#### Action item:
In the records below, the lines between the one holding "відкриття власної кавʼярні" and the one holding "欧芮儿黑色针织衫女秋季2022年新款修身显瘦气质兔子提花套头毛衣", inclusive, are to be transcribed exactly; no pictures are to be included.
BEGIN Data to examine
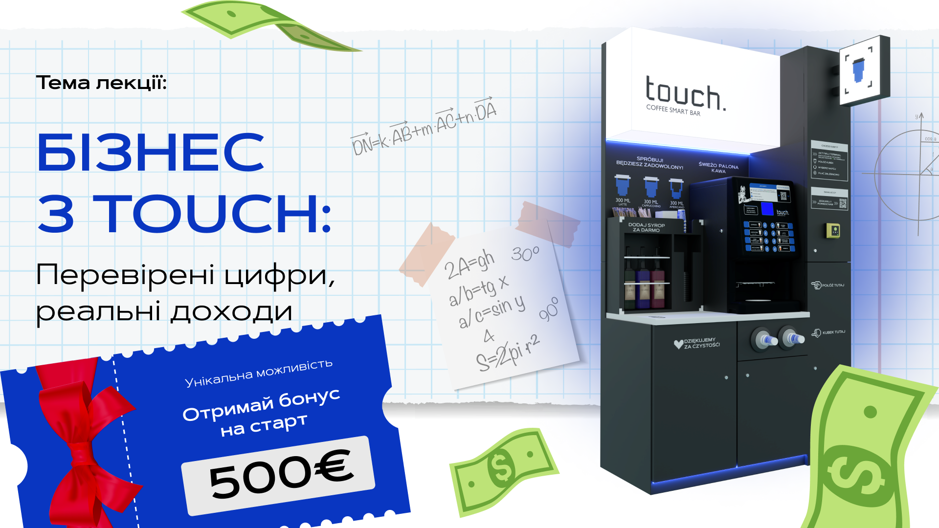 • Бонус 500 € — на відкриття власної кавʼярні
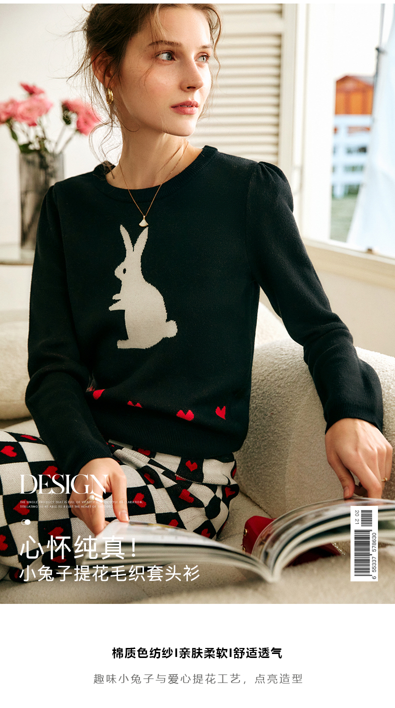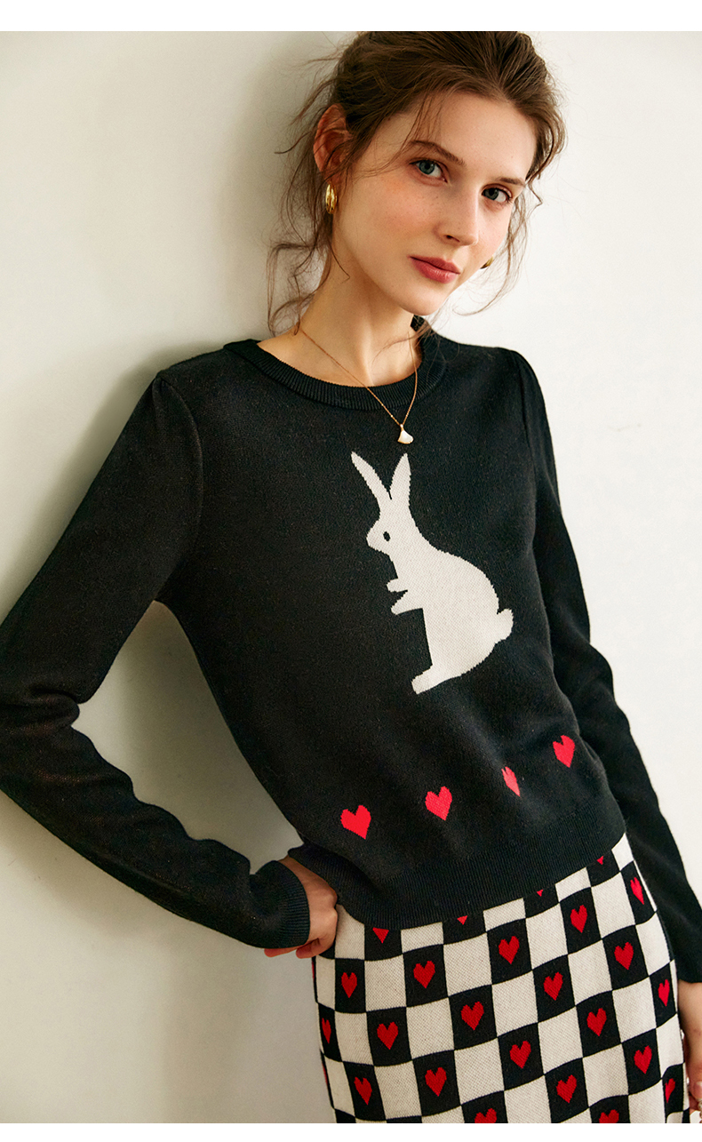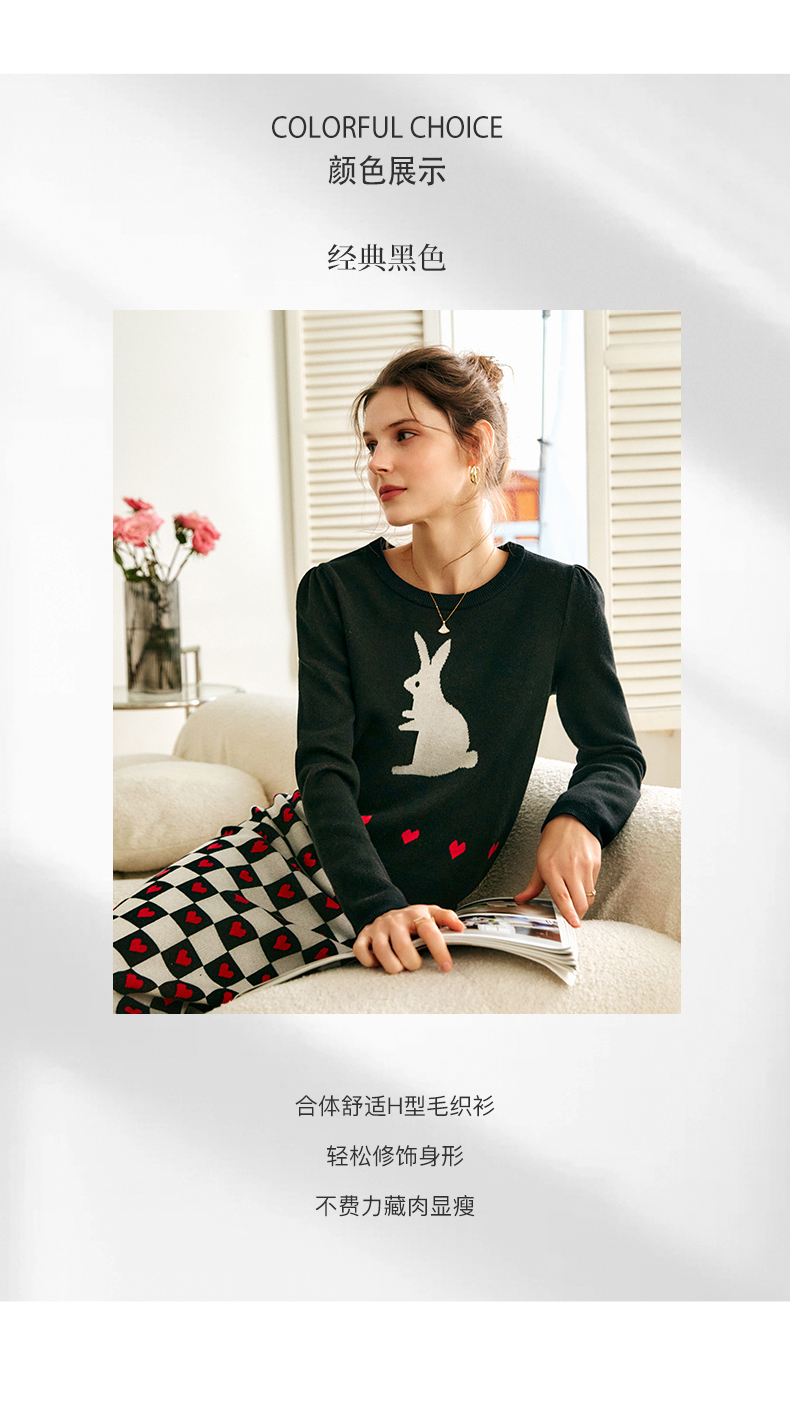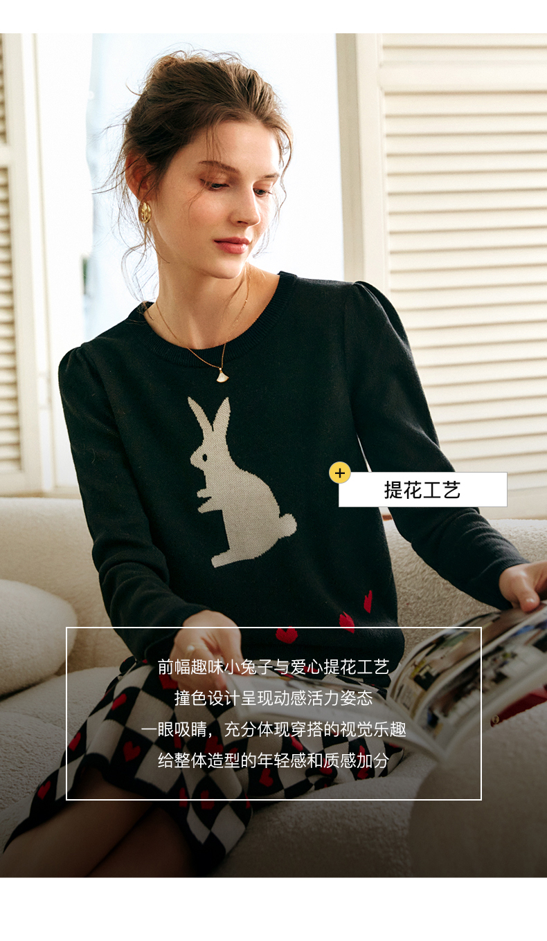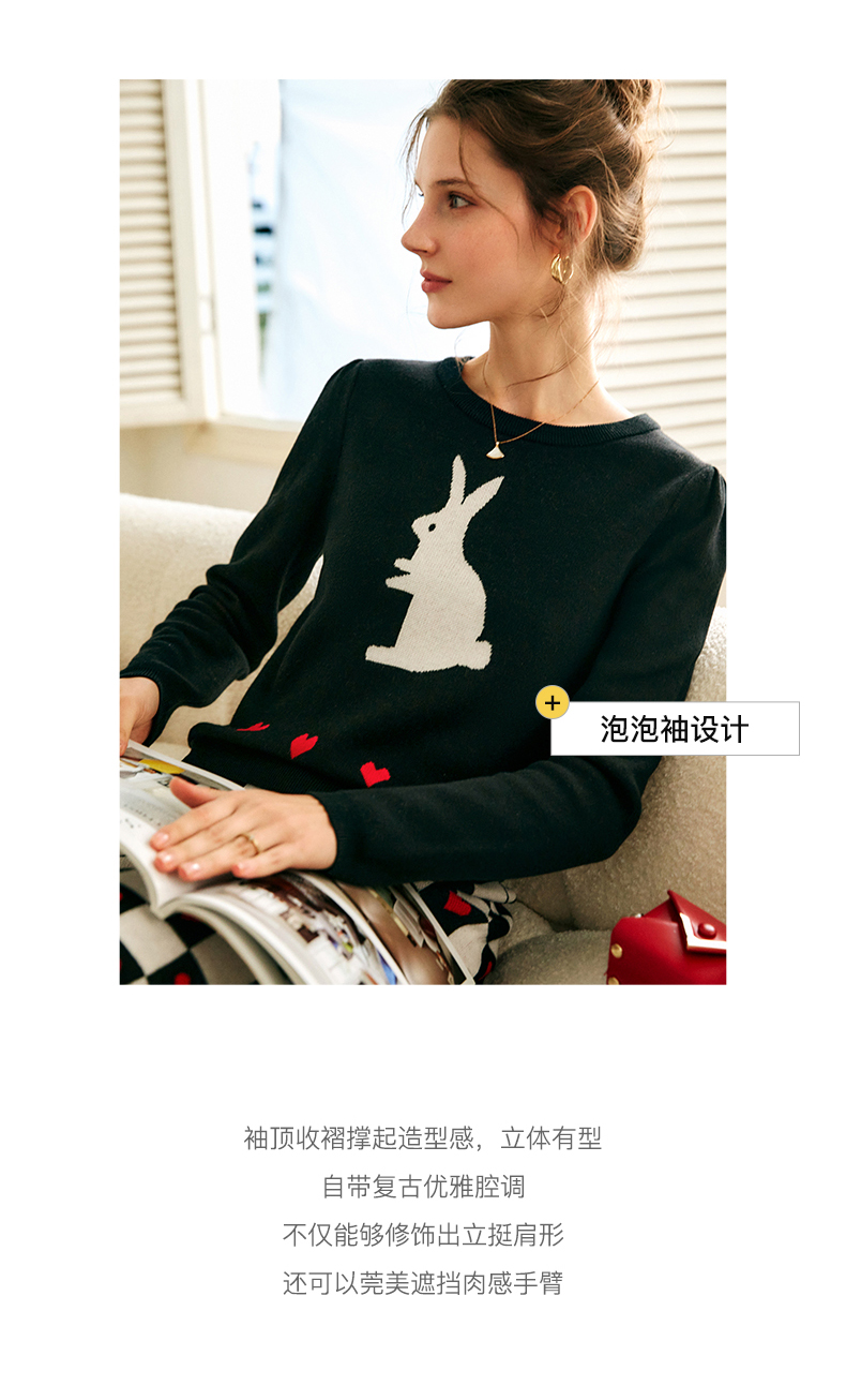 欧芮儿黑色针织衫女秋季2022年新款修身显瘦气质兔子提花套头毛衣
END Data to examine
BEGIN Data to examine
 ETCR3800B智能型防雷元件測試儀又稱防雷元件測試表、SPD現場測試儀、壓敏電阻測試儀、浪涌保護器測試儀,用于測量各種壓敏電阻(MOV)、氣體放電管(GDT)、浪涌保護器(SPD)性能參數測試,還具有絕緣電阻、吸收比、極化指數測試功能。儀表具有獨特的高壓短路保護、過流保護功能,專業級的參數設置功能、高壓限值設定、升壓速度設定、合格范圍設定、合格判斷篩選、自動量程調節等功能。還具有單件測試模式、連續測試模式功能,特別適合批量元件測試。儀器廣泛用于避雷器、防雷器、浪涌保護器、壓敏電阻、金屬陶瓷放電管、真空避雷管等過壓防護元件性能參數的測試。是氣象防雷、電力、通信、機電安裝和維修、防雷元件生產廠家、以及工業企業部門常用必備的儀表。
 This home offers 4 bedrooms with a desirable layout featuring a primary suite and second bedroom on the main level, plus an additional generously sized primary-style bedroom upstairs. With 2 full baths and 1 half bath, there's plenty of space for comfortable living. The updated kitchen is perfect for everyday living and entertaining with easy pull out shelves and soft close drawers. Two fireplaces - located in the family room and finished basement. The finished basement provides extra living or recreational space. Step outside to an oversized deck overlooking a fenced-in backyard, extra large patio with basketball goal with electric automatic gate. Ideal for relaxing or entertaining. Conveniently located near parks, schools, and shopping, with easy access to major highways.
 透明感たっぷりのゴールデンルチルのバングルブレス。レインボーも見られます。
END Data to examine
#### Result of the task:
 • Бонус 500 € — на відкриття власної кавʼярні
 欧芮儿黑色针织衫女秋季2022年新款修身显瘦气质兔子提花套头毛衣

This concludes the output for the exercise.